No worries- we are all new here once! I do think it would be a good idea to see a vet, I will PM Reti and direct her to this thread. Then she could let you know about some of the avian vets there. In the meantime thoough- do like Treesa said and give the Tums. That way if it is an eggbound hen that would help her out. If not the tums will do no harm- so dont worry about that!
Not sure if you know how to do a PM yet- but if you ever wanted to do that it is called private messaging- you would click on that person's name in the thread and below that would give you an option to send the a PM. Hope that helps.

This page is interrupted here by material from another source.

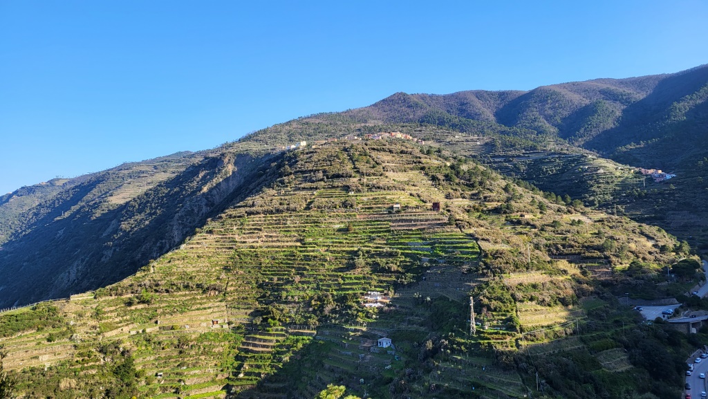 gut ersichtlich der Wanderweg den wir am Vortag gemacht haben. Er führte von Volastra hinunter nach Manarola Datum 15.06.2023

It will also allow you to look at their personal pages, where we are able to upload photos, tell more about ourselves etc.


----------



## xxFemmexx (Aug 24, 2009)

FloridaLuv said:


> No worries- we are all new here once! I do think it would be a good idea to see a vet, I will PM Reti and direct her to this thread. Then she could let you know about some of the avian vets there. In the meantime thoough- do like Treesa said and give the Tums. That way if it is an eggbound hen that would help her out. If not the tums will do no harm- so dont worry about that!
> Not sure if you know how to do a PM yet- but if you ever wanted to do that it is called private messaging- you would click on that person's name in the thread and below that would give you an option to send the a PM. Hope that helps. It will also allow you to look at their personal pages, where we are able to upload photos, tell more about ourselves etc.


Awesome...Thank you. The more help the better. One question about the Tums. Do I break it up into pieces, crush it, or just give it to him whole for him to peck at? Do I open his mouth and sprinkle some of it powdered in there?
P.S....I've filled out my profile info too!


----------



## FloridaLuv (Dec 19, 2008)

You will take one Tums tablet and cut it into 4 pieces.... then take a 1/4 piece and break it into smaller pieces, then gently open the beak and feed it all to her(the1/4 part). If she protests- you can wrap her up in a hand towel like a birdie burrito, so she doesn't wiggle around. Also when your making your stops after work, pick up some grit at the pet store here is a link to the kind I buy
http://www.petsmart.com/product/index.jsp?productId=2753601 Make that so she can get it anytime she wants! Also Iv'e PM Reti so check here through out the day for her....


Just FYI- Oyster shell and red grit are the others that I mix in with the grit that I showed you above.. They always need to have these... So if you end up at a feed store get the _*red grit and oyster shell *_ It is prefered over the tums-- having said that, if you are in a pinch the Tums will do. Hopefully we can find a vet for her to see... I will look in the meantime for that!


----------



## xxFemmexx (Aug 24, 2009)

FloridaLuv said:


> You will take one Tums tablet and cut it into 4 pieces.... then take a 1/4 piece and break it into smaller pieces, then gently open the beak and feed it all to her(the1/4 part). If she protests- you can wrap her up in a hand towel like a birdie burrito, so she doesn't wiggle around. Also when your making your stops after work, pick up some grit at the pet store here is a link to the kind I buy
> http://www.petsmart.com/product/index.jsp?productId=2753601 Make that so she can get it anytime she wants! Also Iv'e PM Reti so check here through out the day for her....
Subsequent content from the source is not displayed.